═══ Supplied material

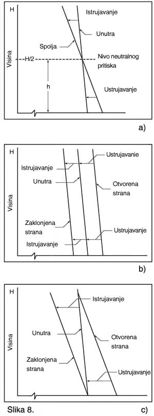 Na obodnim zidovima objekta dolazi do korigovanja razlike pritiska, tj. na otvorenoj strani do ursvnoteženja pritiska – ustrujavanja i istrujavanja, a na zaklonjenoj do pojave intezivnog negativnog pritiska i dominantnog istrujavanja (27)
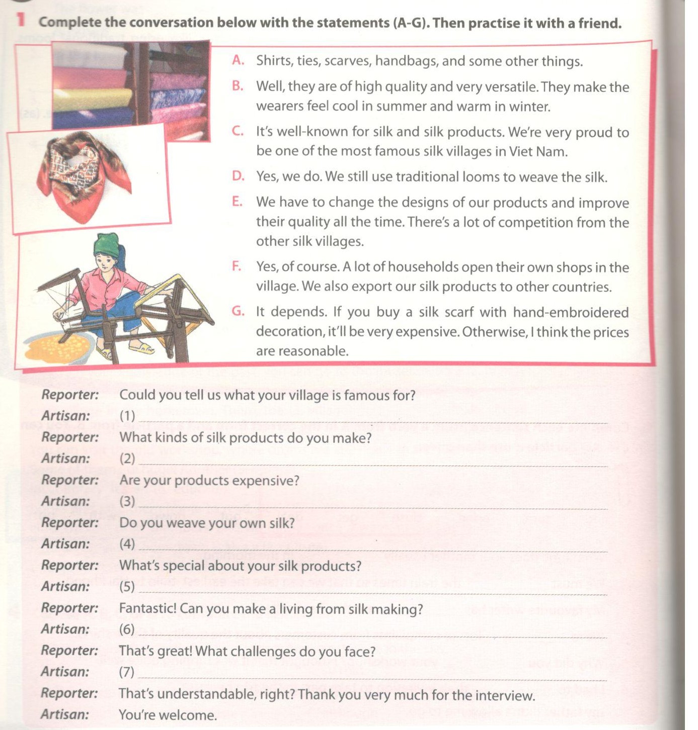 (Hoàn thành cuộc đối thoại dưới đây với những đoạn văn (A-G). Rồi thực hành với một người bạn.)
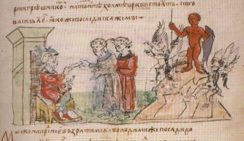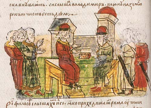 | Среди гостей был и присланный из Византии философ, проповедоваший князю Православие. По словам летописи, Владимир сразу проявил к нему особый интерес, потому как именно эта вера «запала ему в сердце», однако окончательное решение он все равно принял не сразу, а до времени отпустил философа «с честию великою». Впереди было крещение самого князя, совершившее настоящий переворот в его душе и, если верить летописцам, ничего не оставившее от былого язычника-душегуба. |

══════
═══ Supplied material

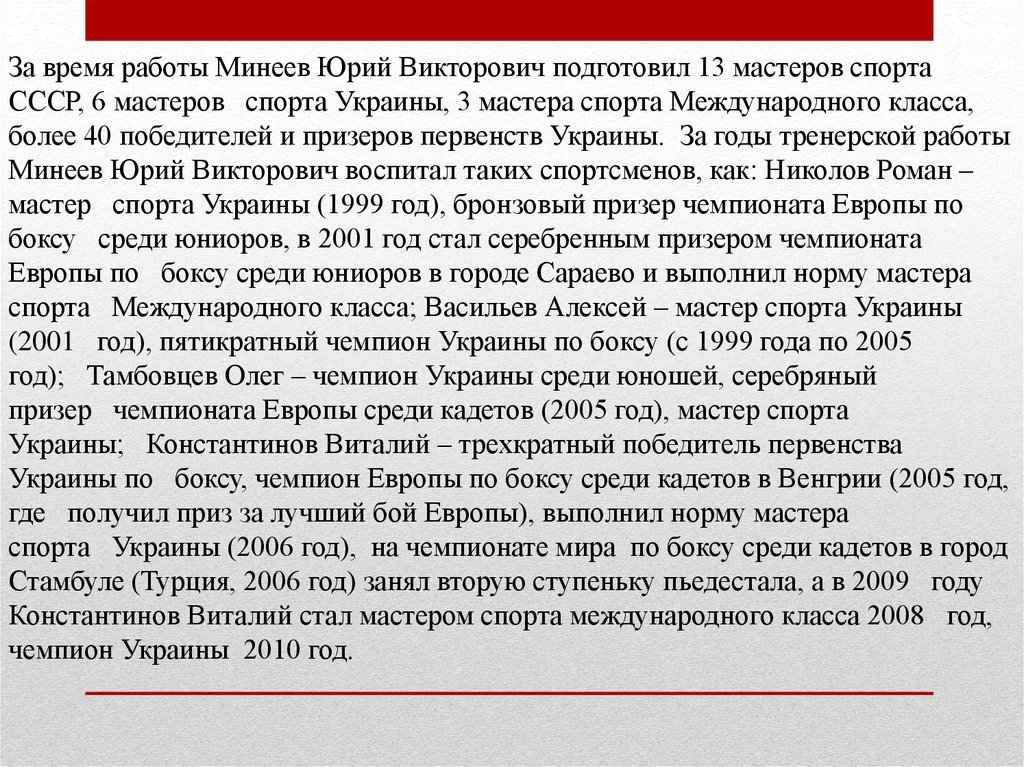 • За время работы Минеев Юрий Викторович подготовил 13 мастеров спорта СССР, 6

══════
═══ Supplied material

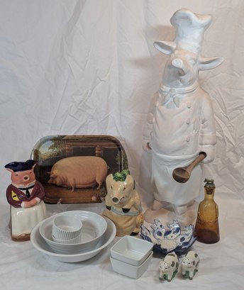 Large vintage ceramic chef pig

══════

• [To do] Print exactly the lines above that run from the one with "Na obodnim zidovima" down to the one with "былого язычника-душегуба. |", and omit the pictures.

• [Task solution]
 Na obodnim zidovima objekta dolazi do korigovanja razlike pritiska, tj. na otvorenoj strani do ursvnoteženja pritiska – ustrujavanja i istrujavanja, a na zaklonjenoj do pojave intezivnog negativnog pritiska i dominantnog istrujavanja (27)
 (Hoàn thành cuộc đối thoại dưới đây với những đoạn văn (A-G). Rồi thực hành với một người bạn.)
 | Среди гостей был и присланный из Византии философ, проповедоваший князю Православие. По словам летописи, Владимир сразу проявил к нему особый интерес, потому как именно эта вера «запала ему в сердце», однако окончательное решение он все равно принял не сразу, а до времени отпустил философа «с честию великою». Впереди было крещение самого князя, совершившее настоящий переворот в его душе и, если верить летописцам, ничего не оставившее от былого язычника-душегуба. |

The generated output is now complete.